Collected material
--- START ---

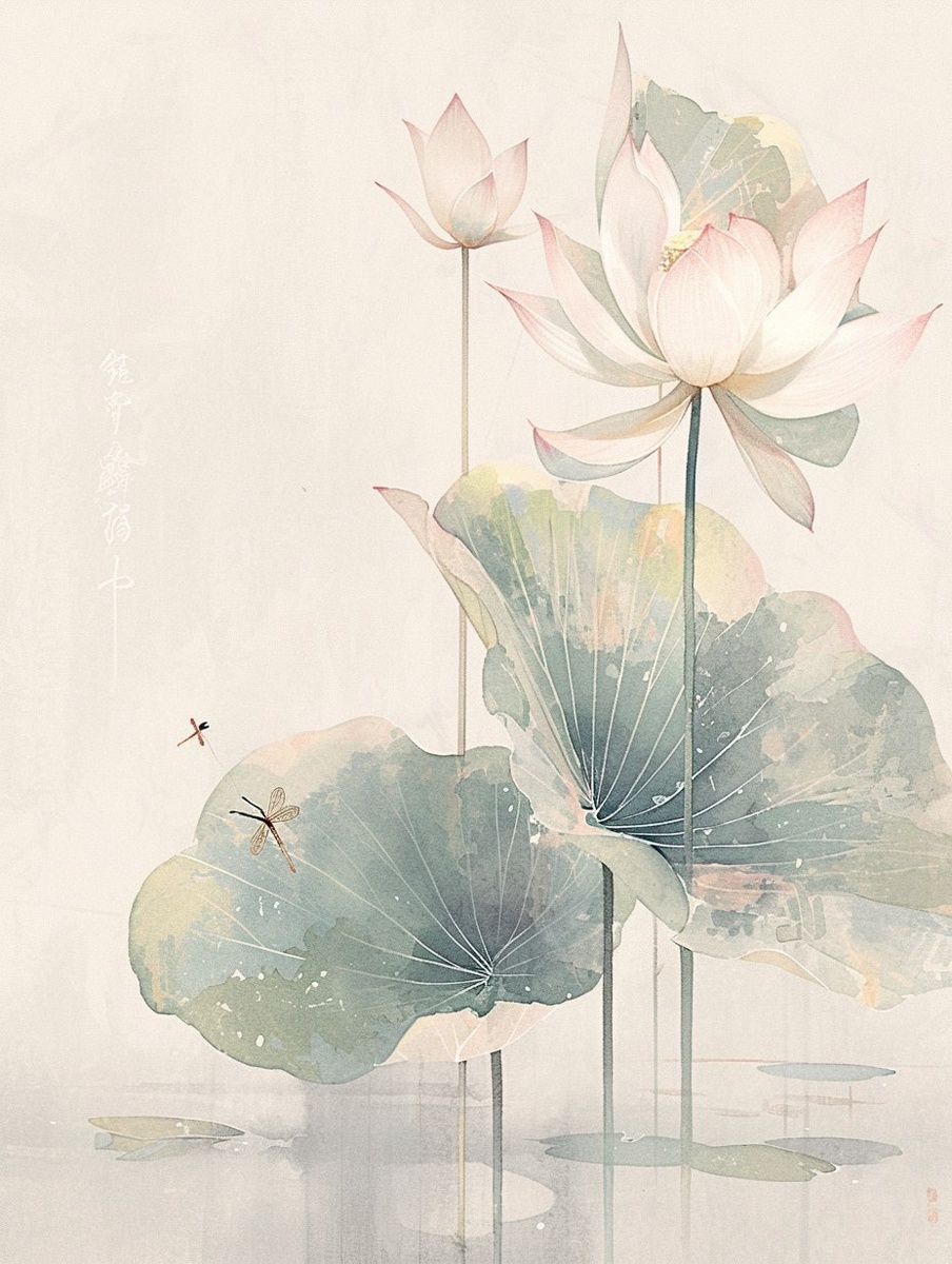 Создано на основе запроса: Traditional Chinese ink painting, one large lotus leaf on the left, a half lotus leaf in the upper right, a blooming lotus flower between them with a dragonfly resting on the petal. Quiet lake surface filled with lotus leaves, elegant and poetic atmosphere. Soft ink wash textures, warm green and pink tones, large blank spaces, refined watercolor style. Gentle lighting, no pavilion, no mountains.
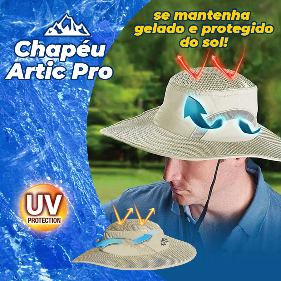 Desenvolvido com tecnologia militar americana, o chapéu Artic possui um sistema interno de resfriamento evaporativo.
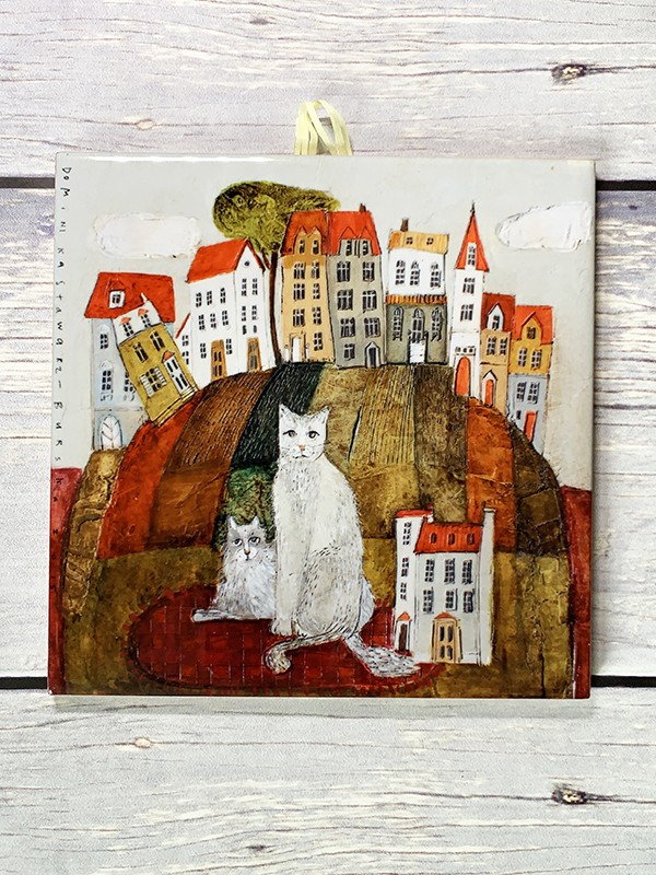 Kafelek ceramiczny w postaci obrazka - pies i kot 15x15 cm

--- END ---

Exercise goal
Would you retype exactly the lines running from the line that contains "Desenvolvido com tecnologia" through the end of the listing above, both included? Skip every picture.

Response box
 Desenvolvido com tecnologia militar americana, o chapéu Artic possui um sistema interno de resfriamento evaporativo.
 Kafelek ceramiczny w postaci obrazka - pies i kot 15x15 cm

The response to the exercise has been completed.